We use high-throughput functional genomic approaches in tandem with integrative computational technologies to describe the complex systems that control cell shape and migration during development and organism homeostasis. Understanding the regulation of morphogenesis and motility on a systems level is an important first step in developing network-based therapeutics for the treatment of metastatic cancers.

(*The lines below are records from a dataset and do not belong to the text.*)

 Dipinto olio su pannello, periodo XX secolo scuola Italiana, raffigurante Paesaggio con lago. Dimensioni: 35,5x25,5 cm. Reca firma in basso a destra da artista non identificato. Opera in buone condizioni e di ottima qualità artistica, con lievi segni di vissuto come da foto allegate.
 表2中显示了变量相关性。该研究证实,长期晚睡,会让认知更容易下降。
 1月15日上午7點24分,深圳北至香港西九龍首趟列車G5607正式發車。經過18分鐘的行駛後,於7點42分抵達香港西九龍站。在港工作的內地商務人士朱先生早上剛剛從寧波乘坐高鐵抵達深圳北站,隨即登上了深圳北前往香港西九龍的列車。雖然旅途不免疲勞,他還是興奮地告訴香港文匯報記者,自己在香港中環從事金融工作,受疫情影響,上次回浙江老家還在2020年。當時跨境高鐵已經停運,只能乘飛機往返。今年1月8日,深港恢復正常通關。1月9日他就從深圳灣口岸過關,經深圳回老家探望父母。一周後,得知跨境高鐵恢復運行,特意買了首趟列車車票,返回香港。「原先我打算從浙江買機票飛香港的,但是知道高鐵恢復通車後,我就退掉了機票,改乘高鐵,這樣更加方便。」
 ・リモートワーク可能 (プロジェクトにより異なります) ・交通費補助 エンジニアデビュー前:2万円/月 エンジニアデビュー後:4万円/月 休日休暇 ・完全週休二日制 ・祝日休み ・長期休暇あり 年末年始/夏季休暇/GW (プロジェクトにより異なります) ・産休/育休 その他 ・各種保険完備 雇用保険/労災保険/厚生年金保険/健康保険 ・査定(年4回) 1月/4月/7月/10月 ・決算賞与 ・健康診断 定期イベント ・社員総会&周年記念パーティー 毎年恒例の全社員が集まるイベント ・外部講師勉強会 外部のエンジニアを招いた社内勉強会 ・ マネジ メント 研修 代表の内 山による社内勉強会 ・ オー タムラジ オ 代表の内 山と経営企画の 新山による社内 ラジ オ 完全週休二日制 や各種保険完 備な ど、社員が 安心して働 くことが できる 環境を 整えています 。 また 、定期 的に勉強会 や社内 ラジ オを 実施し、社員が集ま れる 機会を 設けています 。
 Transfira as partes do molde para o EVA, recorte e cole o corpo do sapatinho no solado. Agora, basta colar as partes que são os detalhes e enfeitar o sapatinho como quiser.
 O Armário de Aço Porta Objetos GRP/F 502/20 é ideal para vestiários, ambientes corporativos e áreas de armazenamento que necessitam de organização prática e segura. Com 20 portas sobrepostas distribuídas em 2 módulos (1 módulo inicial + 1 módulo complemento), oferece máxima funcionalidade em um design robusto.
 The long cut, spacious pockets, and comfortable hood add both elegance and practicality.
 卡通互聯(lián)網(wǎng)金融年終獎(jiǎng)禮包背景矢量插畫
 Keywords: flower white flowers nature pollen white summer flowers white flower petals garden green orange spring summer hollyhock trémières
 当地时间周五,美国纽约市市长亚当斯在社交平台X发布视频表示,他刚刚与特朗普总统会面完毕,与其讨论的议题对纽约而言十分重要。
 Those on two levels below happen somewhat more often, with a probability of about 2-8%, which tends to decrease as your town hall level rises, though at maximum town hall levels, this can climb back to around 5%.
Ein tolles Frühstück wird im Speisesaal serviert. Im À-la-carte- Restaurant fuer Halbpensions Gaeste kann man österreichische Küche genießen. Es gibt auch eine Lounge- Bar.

In all eukaryotic cells, migration is dependent on the activity of Rho-family GTPases, but it is unclear how activation of these proteins by different stimuli results in the distinct morphological changes that are required for motility, such as the formation of lamellipodia and focal adhesions at leading edge of cells, and the retraction of the tailing edge. We employ systems-level approaches to study the regulation of Rho-family GTPases by Rho GTP Exchange Factors (RhoGEFs) and Rho GTPase Activating Proteins (RhoGAPs). Whereas the Rho-family GTPases are “generic” molecules that are involved in regulating a variety of different cellular behaviors including motility, RhoGEFs and RhoGAPs are thought to act to specify the output of RhoGTPase activity in response to highly specific stimuli. Activated RhoGEFs have been extensively implicated in the progression of numerous cancers, and may in fact represent the largest family of oncogenes in the genome. Similarly, a number of RhoGAPs appear to be potent tumor suppressors.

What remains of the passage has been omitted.